Deep Learning-Assisted Diagnosis of Placenta Accreta Spectrum Using the DenseNet-121 Model: A Multicenter, Retrospective Study.

Abstract

To explore the diagnostic value of deep learning (DL) imaging based on MRI in predicting placenta accreta spectrum (PAS) in high-risk pregnant women. A total of 263 patients with suspected placenta accreta from Institution I and Institution II were retrospectively analyzed and divided into training (n = 170) and external verification sets (n = 93). Through imaging acquisition, feature extraction, and radiomic data processing, 15 radiomic features were used to train support vector machine (SVM), K-nearest neighbor (KNN), random forest (RF), light gradient boosting machine (LGBM), and DL models to predict PAS. The diagnostic performances of the models were evaluated in the training set using the area under the curve (AUC) and accuracy and further validated in the external verification set.
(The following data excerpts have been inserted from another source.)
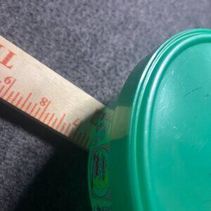 This product is a lot of 2 vintage Packerware Easter containers, perfect for storing eggs and other small items during the spring season. Made in the USA in the 1990s, these round storage containers feature a green color with a vintage pattern, showcasing a theme of spring and Easter. The set includes two containers, ideal for collectors or anyone looking for unique and nostalgic kitchen decor.
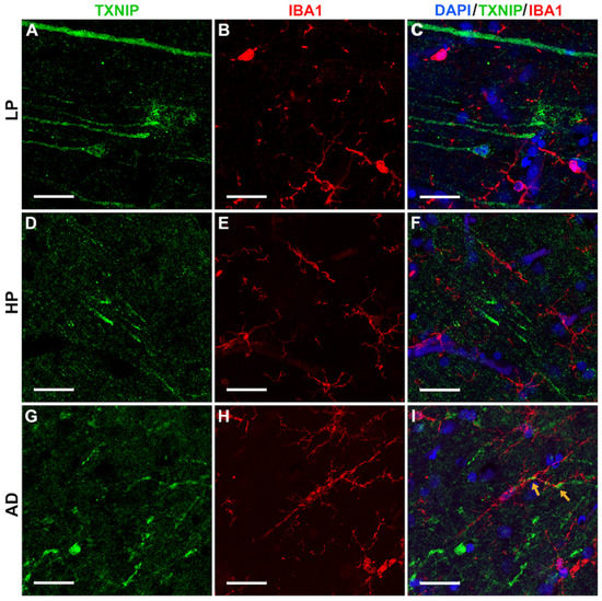 Confocal microscopy showing limited colocalization of TXNIP with microglia marker IBA-1 immunoreactivity. All sections shown were from middle temporal gyrus. (A–C) LP case showing (A) TXNIP immunoreactivity (green), (B) IBA-1 immunoreactivity (red), and (C) merged image with DAPI staining (blue). (D–F) HP case showing (D) TXNIP immunoreactivity (green), (E) IBA-1 immunoreactivity (red), and (F) merged image with DAPI staining (blue). (G–I) AD case showing (G) TXNIP immunoreactivity (green), (H) IBA-1 immunoreactivity (red), and (I) merged image showing TXNIP-positive cells (green) with limited punctate intracellular colocalization (yellow arrow) with IBA-1 (red arrow) with DAPI staining (blue). Bars represents 30 μm.
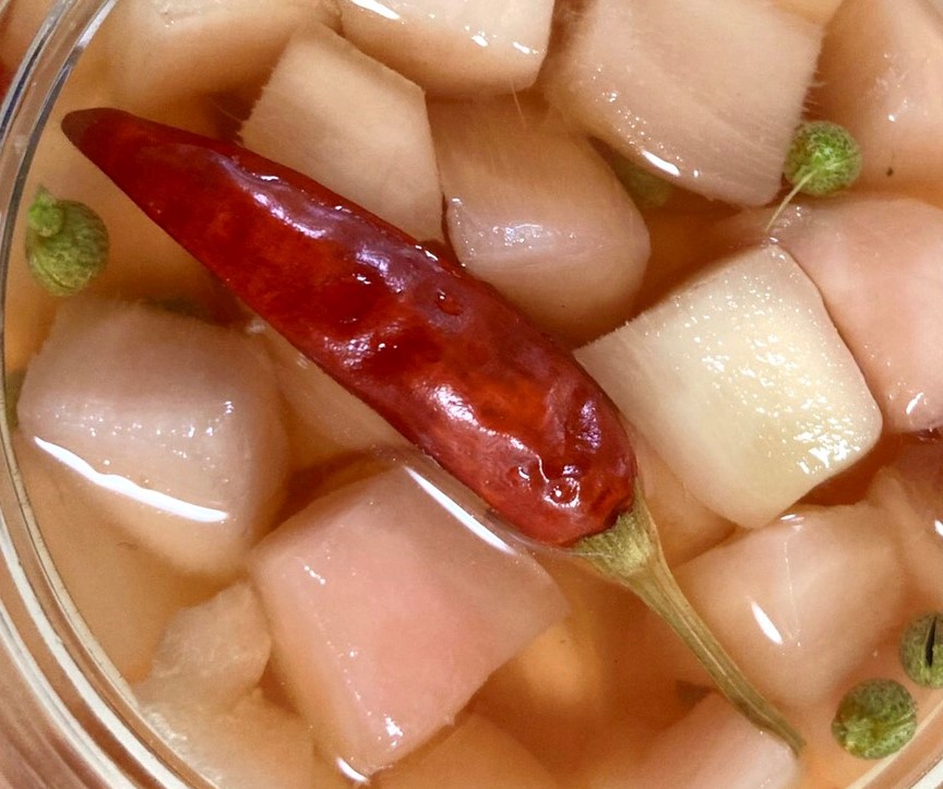 保存瓶にしょうがと赤唐辛子を入れ、さましたAを注ぐ。
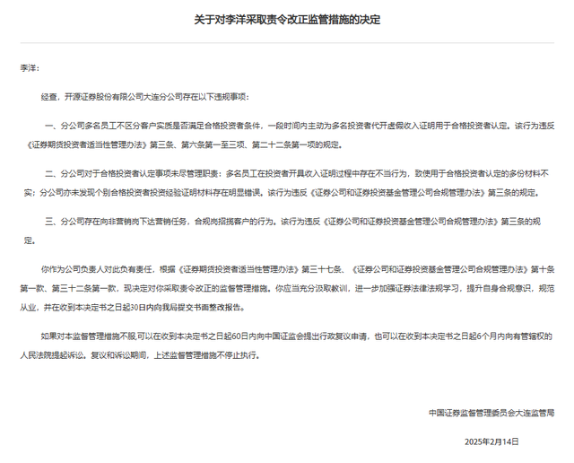 大连证监局指出,上述行为反映出开源证券大连分公司内部控制不完善、存在较大风险隐患。李洋作为公司负责人对此负有责任,应当充分汲取教训,进一步加强证券法律法规学习,提升自身合规意识,规范从业,并在收到决定书之日起30日内提交书面整改报告。

Univariate and multivariate logistic regression analysis revealed that a history of cesarean section, placental thickness, and placenta previa were independent clinical risk factors for predicting PAS. Among machine learning (ML) models, SVM demonstrated the highest diagnostic power (AUC = 0.944), with an accuracy of 0.876. The diagnostic efficiency of the DL model was significantly better than that of other models, with an AUC of 0.956 (95% CI 0.931-0.981) in the training set and 0.863 (95% CI 0.816-0.910) in the external verification set. In terms of specificity, the DL model outperformed the ML models. The DL model based on MRI may demonstrate better performance in the diagnosis of PAS compared to traditional clinical models or ML radiomics models, as further confirmed by the external verification set.